- **GIVEN RECORDS**
[Start of Attachment]

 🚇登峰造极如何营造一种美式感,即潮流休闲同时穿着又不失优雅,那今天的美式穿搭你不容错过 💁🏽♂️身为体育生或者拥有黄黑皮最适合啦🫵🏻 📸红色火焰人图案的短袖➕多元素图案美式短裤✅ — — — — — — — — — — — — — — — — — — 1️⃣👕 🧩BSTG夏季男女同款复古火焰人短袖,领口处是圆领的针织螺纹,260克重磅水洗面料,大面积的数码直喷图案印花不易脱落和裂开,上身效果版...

[End of Attachment]
[Start of Attachment]

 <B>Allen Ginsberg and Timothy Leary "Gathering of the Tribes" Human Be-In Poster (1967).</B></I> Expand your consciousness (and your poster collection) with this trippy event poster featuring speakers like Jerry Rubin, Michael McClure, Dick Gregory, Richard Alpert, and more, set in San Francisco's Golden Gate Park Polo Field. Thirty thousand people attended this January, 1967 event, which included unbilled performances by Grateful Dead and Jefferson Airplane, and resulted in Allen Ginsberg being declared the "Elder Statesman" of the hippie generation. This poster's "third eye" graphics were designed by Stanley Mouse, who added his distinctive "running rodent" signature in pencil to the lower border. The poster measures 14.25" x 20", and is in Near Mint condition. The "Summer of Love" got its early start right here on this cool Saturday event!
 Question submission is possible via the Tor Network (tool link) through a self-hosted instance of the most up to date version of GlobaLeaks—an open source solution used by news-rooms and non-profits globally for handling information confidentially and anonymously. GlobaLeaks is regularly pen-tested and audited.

[End of Attachment]
[Start of Attachment]

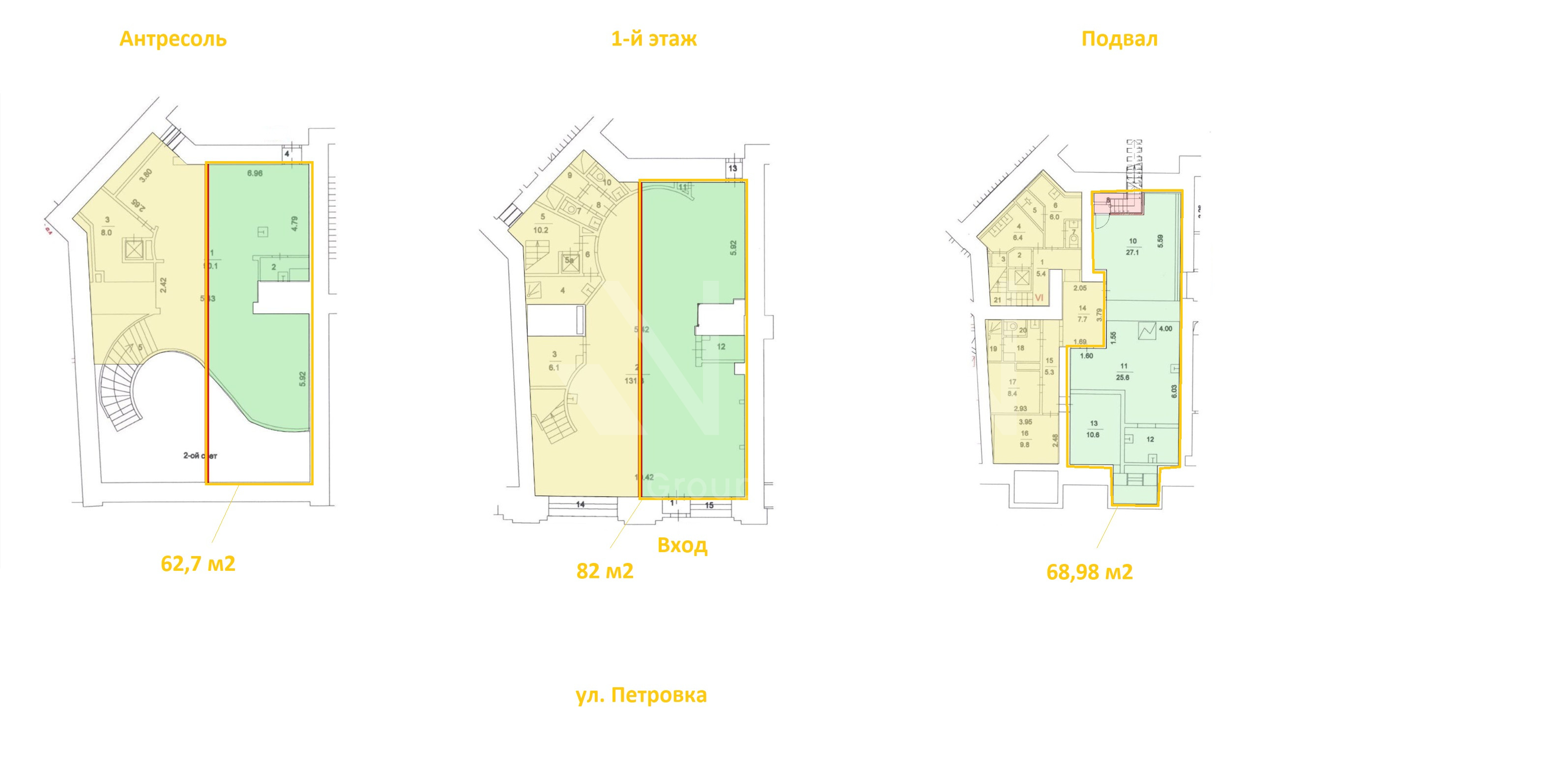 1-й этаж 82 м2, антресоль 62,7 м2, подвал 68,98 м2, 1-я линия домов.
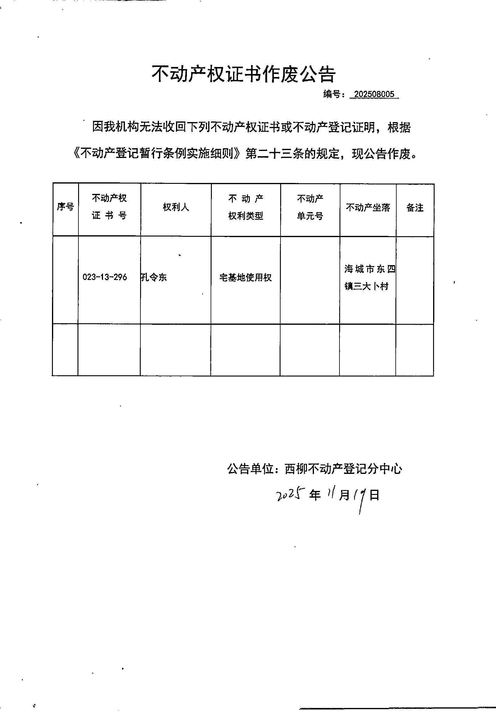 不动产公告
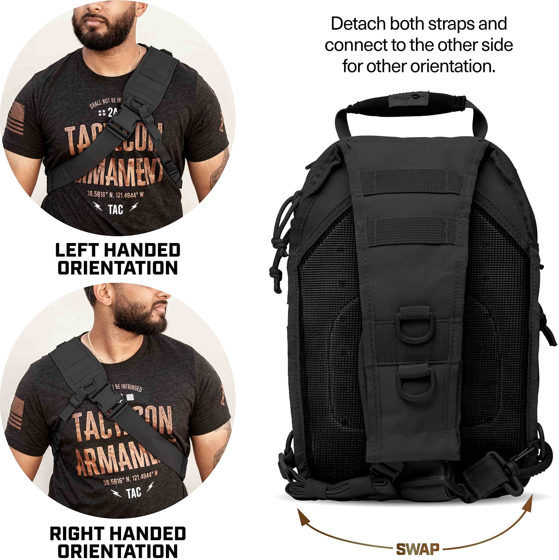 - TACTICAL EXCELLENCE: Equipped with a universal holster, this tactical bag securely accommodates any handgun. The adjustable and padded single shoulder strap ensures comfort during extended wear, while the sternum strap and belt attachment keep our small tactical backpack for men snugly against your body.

[End of Attachment]

- **TASK TO CARRY OUT**
Above are the records. Copy word for word only their lines from the one holding "1-й этаж 82" through the one holding "- TACTICAL EXCELLENCE: Equipped", both included, and skip the images.

- **SOLUTION TO THIS PROBLEM**
 1-й этаж 82 м2, антресоль 62,7 м2, подвал 68,98 м2, 1-я линия домов.
 不动产公告
 - TACTICAL EXCELLENCE: Equipped with a universal holster, this tactical bag securely accommodates any handgun. The adjustable and padded single shoulder strap ensures comfort during extended wear, while the sternum strap and belt attachment keep our small tactical backpack for men snugly against your body.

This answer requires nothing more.